THE TASK: The lines below from the one with "府治安対策課 ☎ 06(6944)7506" up to and including the one with "Ο Αρχιεπίσκοπος Αθηνών" are what you should set down, exactly and without pictures.
== Segment start ==
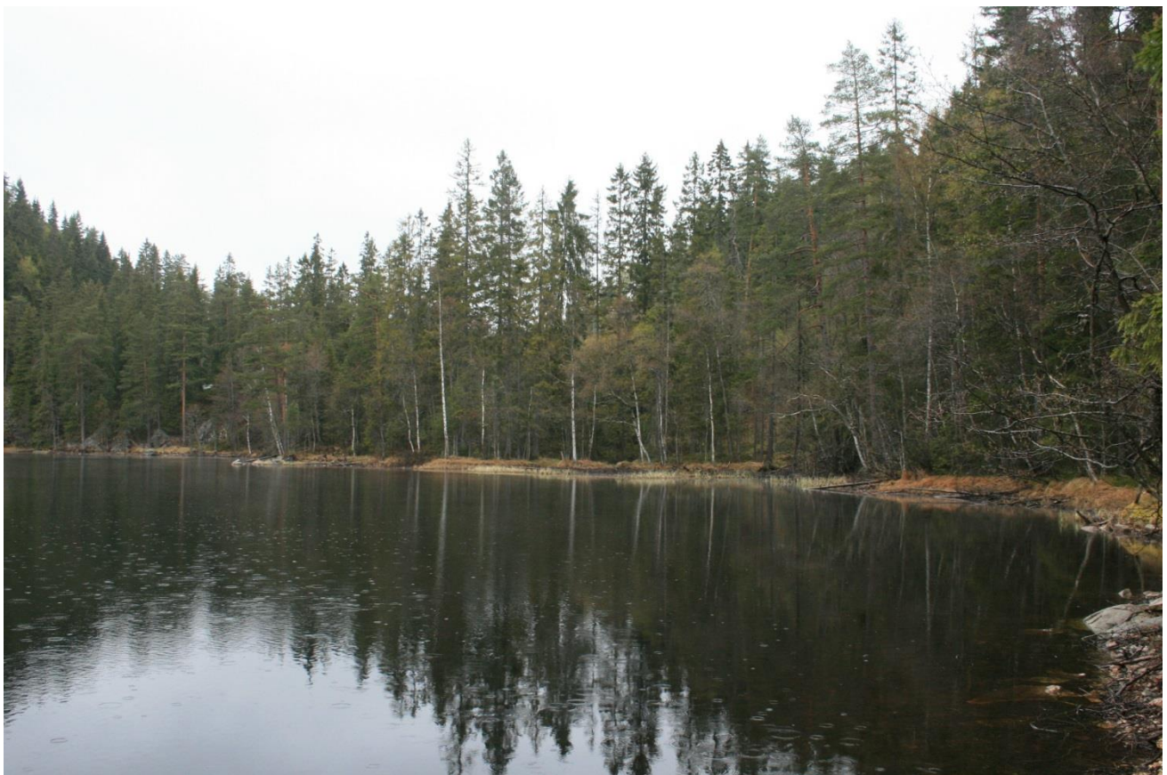
Foto 8. Nordøstende. Hvit bu med ukjent funksjon (Erath, mai 2017).
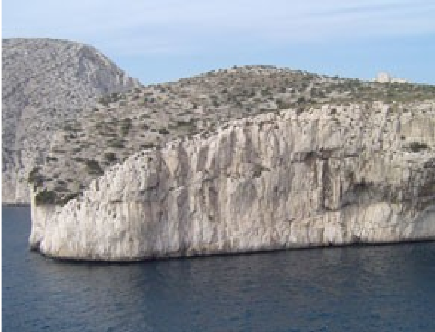
Falaise dominant l'entrée sous-marine de la grotte COSQUER
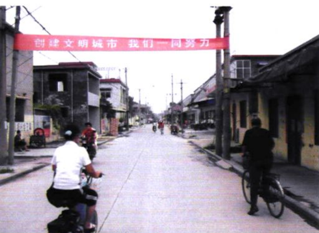
↑ 八里营老村中心大街
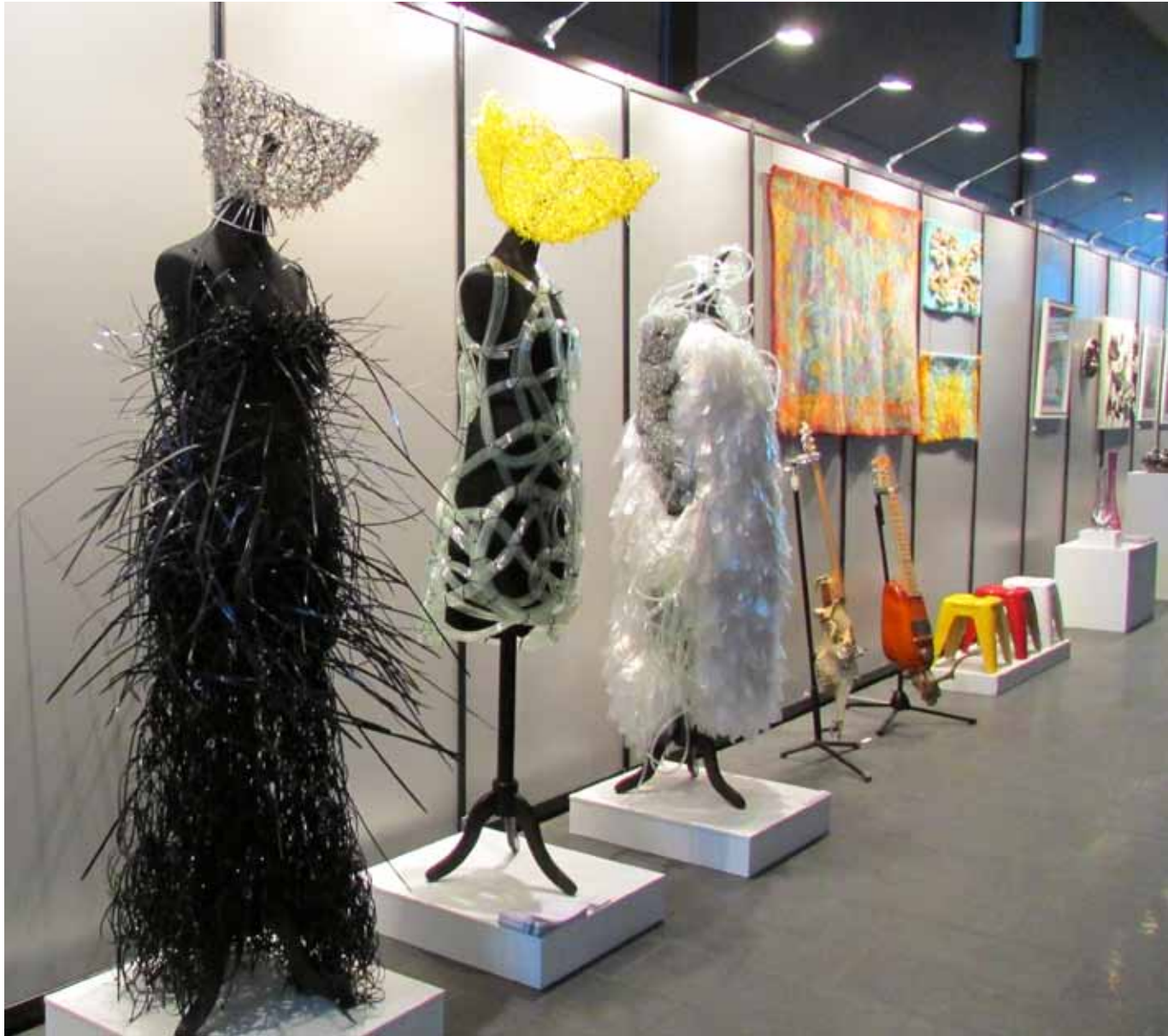
Taidekäytävä, Tampereen Taidemessut 2013.
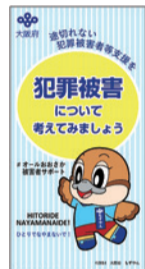
犯罪被害者週間啓発のぼり

「犯罪被害者週間」の啓発と関係図書の展示 日 11/15(水)～12/5(火)9:00～19:00 (土日祝は17:00まで) ※11/20(月)・27(月)・12/4(月)は休館日 所 府立中央図書館1階 階段下スペース(近鉄「荒本」) HP 大阪府 犯罪被害者週間 検索 問 府治安対策課 ☎ 06(6944)7506
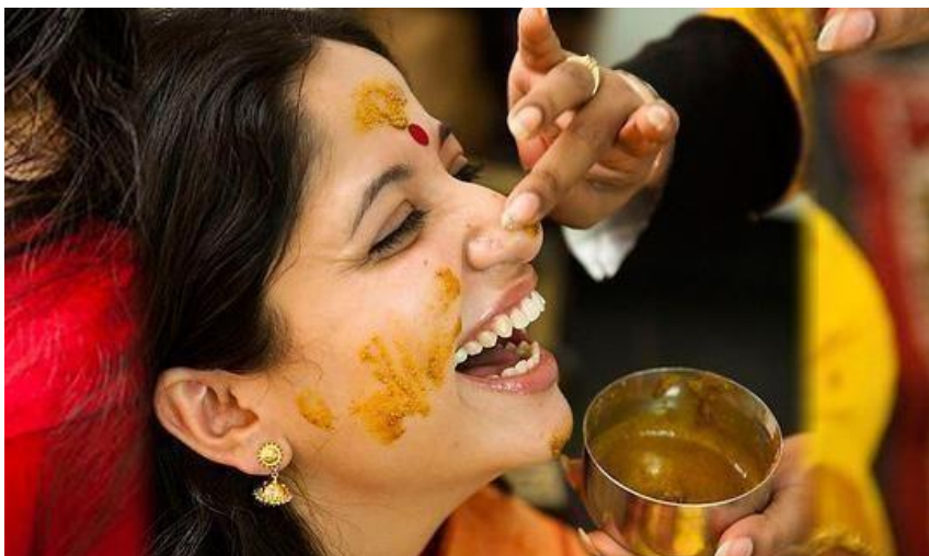
Slika 2. Ukrašavanje kurkumom na tradicionalnim indijskim vjenčanjima

Tumori dojki mogu se liječiti ekstraktima kurkume. U Indiji je kurkuma korištena u ritualima ljepote u vidu njege lica i tijela te u ceremonijama tradicionalnog vjenčanja (slika 2.).
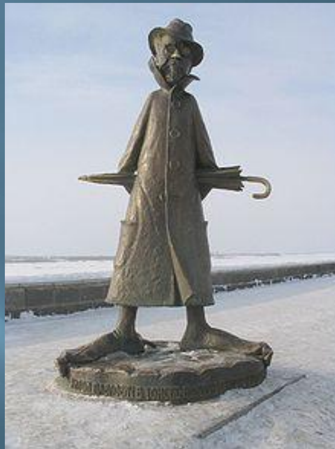
▣ Памятник в Томске
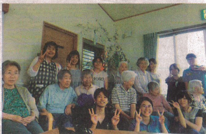
●老服系學生和日本實習機構長者及工作人員開心合影。

校長陳鴻助表示，老服系和日方合作多年，早已豎立好口碑，去年更與大陸知名企業泰禾集團簽訂產學交流，未來學生將有機會赴北京、上海老人機構實習或就業；除此之外，今年暑假尚有幼保、食品、外語、餐旅、觀光、環管及醫化等系也安排前往新加坡、泰國、日本、大陸等地實習，加上教育部相關計畫補助下，另有至美澳姊妹校進行研習參訪等活動，藉此讓學生實務增能，學以致用，也強化專業及外語能力，拓展全球視野，累積更豐厚的國際移動力和競爭力。
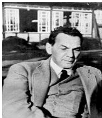
Герой СССР Рихард Зорге

Парк «Гидростроитель» замыкает огромный Дворец культуры. Он строился по театральному проекту и является воплощением настоящего Большого театра. Вполне естественно, что в 1954 году улицу, примыкающую к парку и дворцу называли Театральной., а площадь – Дворцовой.
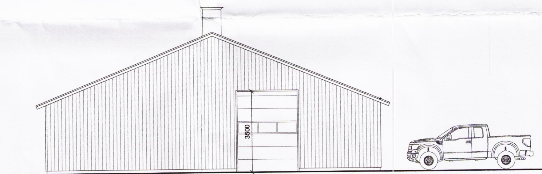
Útlit suð-vestur hlið M 1:100
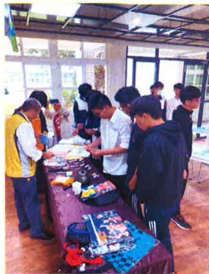
日本職人手作品展示
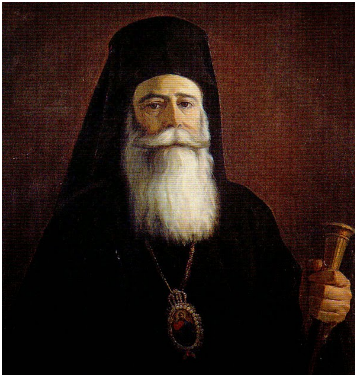
Ο Αρχιεπίσκοπος Αθηνών Χρυσάνθος (κατά κόσμον Χαρίλαος Φιλιππίδης, Γρατινή Ροδόπης, 1881 – Αθήνα, 28 Σεπτεμβρίου 1949) ήταν Έλληνας θεολόγος και ακαδημαϊκός (1940) και μία από τις μεγάλες μορφές της Ορθοδόξου Εκκλησίας των νεοτέρων χρόνων, Μητροπολίτης Τραπεζούντας (1913-1938) και Αρχιεπίσκοπος Αθηνών (1938-1940).

Κι όταν τον Άπρίλιο του 1941 οι Γερμανοί μπήκαν νικητές στην Ελλάδα, πάλι η Έκκλησία έπωμίσθηκε τό μεγάλο βάρος για τή διάσωση του λαού. Πρῶτος σήκωσε τή σημαία τῆς Ἀντίστασης ὁ «ὑπέρτατος πνευματικός ἡγέτης» ὁ ἀρχιεπίσκοπος Ἀθηνῶν Χρυσάνθος . Ἀρνήθηκε νά συμμετάσχει στήν ἐπιτροπή παράδοσης τῆς πόλης τῶν Ἀθηνῶν ἀρνήθηκε νά τελέσει Δοξολογία στόν μητροπολιτικό ναό τῶν Ἀθηνῶν ἀρνήθηκε νά ὀρκίσει τήν κατοχική Κυβέρνηση Τσολάκογλου, μέ τίμημα τήν ἀπομάκρυνση ἀπό τόν θρόνο του.
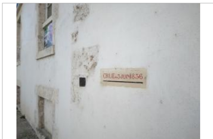
Photo du repère en 2022
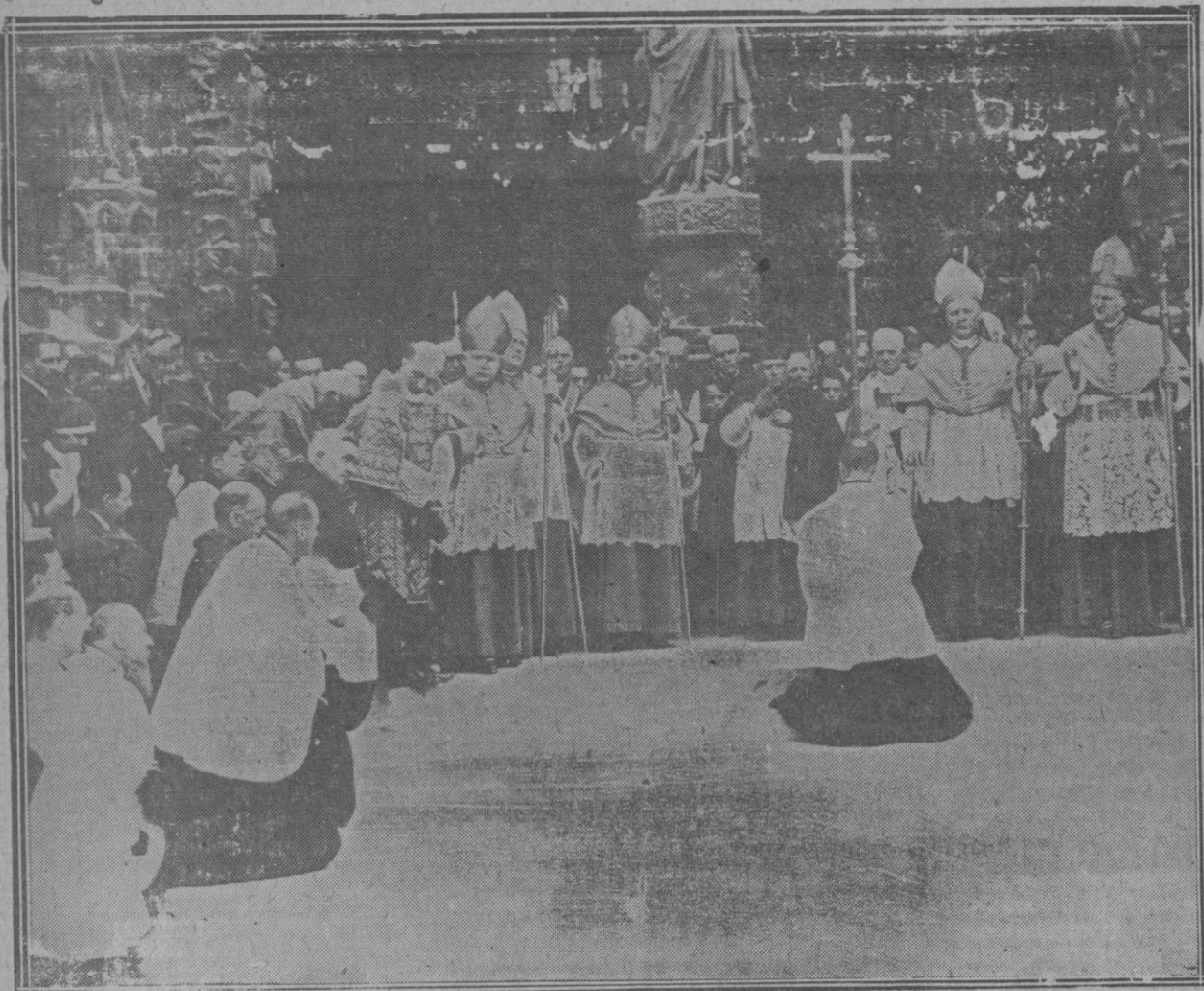
LA CONSAGRACION DE LA CATEDRAL DE REIMS Monseñor Luçon, cardenal-arzobispo de Reims, bendiciendo al pueblo desde las escaleras de la Catedral
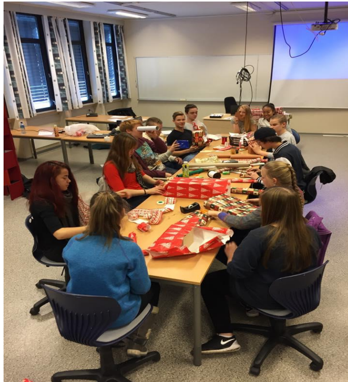
Salg og Service på Stangnes vgs
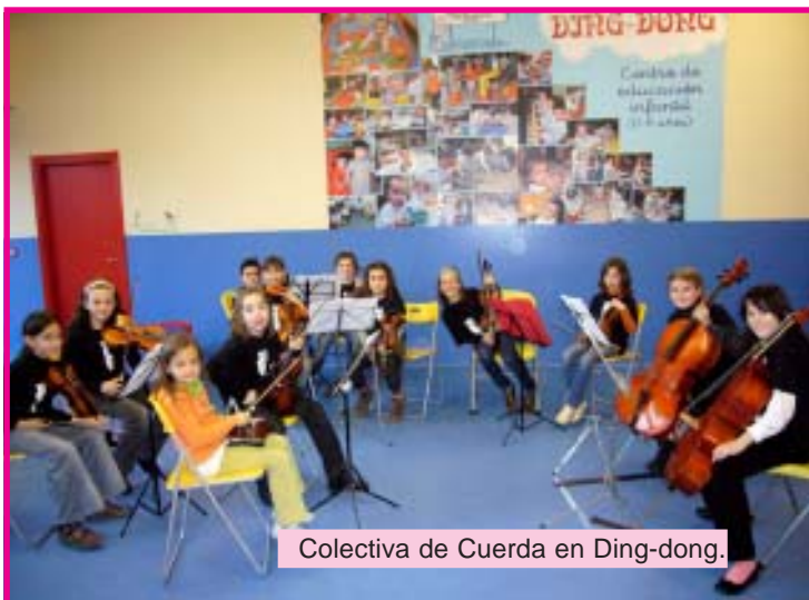
Colectiva de Cuerda en Ding-dong.

Piccolo y Saxo y el Centro de Educación Infantil Ding-Dong colaboran ofreciendo conciertos de diferentes formaciones musicales a lo largo de este curso. El objetivo de este proyecto de colaboración, es dar a conocer la música en directo a los alumnos y familias de Ding-Dong; y a la vez ofrecer un escenario diferente a alumnos de la Escuela
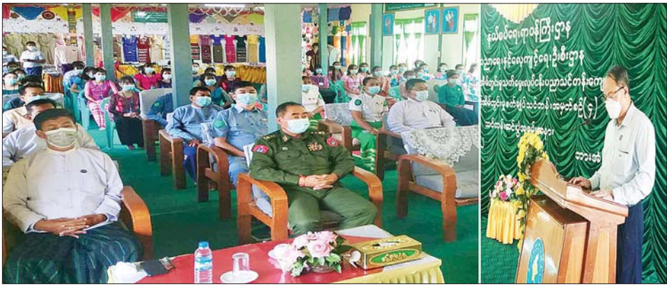
ကရင်ပြည်နယ်ဝန်ကြီးချုပ် ဦးစောမြင့်ဦး အမျိုးသမီးအိမ်တွင်းမှု သက်မွေးလုပ်ငန်းပညာသင်တန်းကျောင်း ဘားအံသင်တန်းဆင်းပွဲအခမ်းအနားတွင် အမှာစကားပြောကြားစဉ်။

နေပြည်တော် အောက်တိုဘာ ၇ - နယ်စပ်ရေးရာဝန်ကြီးဌာန ပညာရေးနှင့် လေ့ကျင့်ရေးဦးစီးဌာန ကွပ်ကဲမှုအောက်ရှိ အမျိုးသမီးအိမ်တွင်းမှု သက်မွေးလုပ်ငန်းပညာသင်တန်းကျောင်း ၂၄ ကျောင်းတို့၌ အဆင့်မြင့်အိမ်တွင်းမှု စက်ချုပ်သင်တန်းဆင်းပွဲကို ယနေ့နံနက်ပိုင်းတွင် ကျင်းပရာ မုဒုံမြို့ သင်တန်းကျောင်းတွင် မွန်ပြည်နယ်ဝန်ကြီးချုပ် ဦးဇော်လင်းထွန်း၊ ဘားအံမြို့ သင်တန်းကျောင်းတွင် ကရင်ပြည်နယ်ဝန်ကြီးချုပ် ဦးစောမြင့်ဦး၊ ပုသိမ်မြို့ သင်တန်းကျောင်းတွင် ဧရာဝတီတိုင်းဒေသကြီး ဝန်ကြီးချုပ် ဦးတင်မောင်ဝင်း၊ ကျိုင်းတုံမြို့ သင်တန်းကျောင်းတွင် ကြိတ်ဒေသတိုင်းစစ်ဌာနချုပ် တိုင်းမှူး
== Segment end ==
RESULT:
「犯罪被害者週間」の啓発と関係図書の展示 日 11/15(水)～12/5(火)9:00～19:00 (土日祝は17:00まで) ※11/20(月)・27(月)・12/4(月)は休館日 所 府立中央図書館1階 階段下スペース(近鉄「荒本」) HP 大阪府 犯罪被害者週間 検索 問 府治安対策課 ☎ 06(6944)7506
Slika 2. Ukrašavanje kurkumom na tradicionalnim indijskim vjenčanjima

Tumori dojki mogu se liječiti ekstraktima kurkume. U Indiji je kurkuma korištena u ritualima ljepote u vidu njege lica i tijela te u ceremonijama tradicionalnog vjenčanja (slika 2.).
▣ Памятник в Томске
●老服系學生和日本實習機構長者及工作人員開心合影。

校長陳鴻助表示，老服系和日方合作多年，早已豎立好口碑，去年更與大陸知名企業泰禾集團簽訂產學交流，未來學生將有機會赴北京、上海老人機構實習或就業；除此之外，今年暑假尚有幼保、食品、外語、餐旅、觀光、環管及醫化等系也安排前往新加坡、泰國、日本、大陸等地實習，加上教育部相關計畫補助下，另有至美澳姊妹校進行研習參訪等活動，藉此讓學生實務增能，學以致用，也強化專業及外語能力，拓展全球視野，累積更豐厚的國際移動力和競爭力。
Герой СССР Рихард Зорге

Парк «Гидростроитель» замыкает огромный Дворец культуры. Он строился по театральному проекту и является воплощением настоящего Большого театра. Вполне естественно, что в 1954 году улицу, примыкающую к парку и дворцу называли Театральной., а площадь – Дворцовой.
Útlit suð-vestur hlið M 1:100
日本職人手作品展示
Ο Αρχιεπίσκοπος Αθηνών Χρυσάνθος (κατά κόσμον Χαρίλαος Φιλιππίδης, Γρατινή Ροδόπης, 1881 – Αθήνα, 28 Σεπτεμβρίου 1949) ήταν Έλληνας θεολόγος και ακαδημαϊκός (1940) και μία από τις μεγάλες μορφές της Ορθοδόξου Εκκλησίας των νεοτέρων χρόνων, Μητροπολίτης Τραπεζούντας (1913-1938) και Αρχιεπίσκοπος Αθηνών (1938-1940).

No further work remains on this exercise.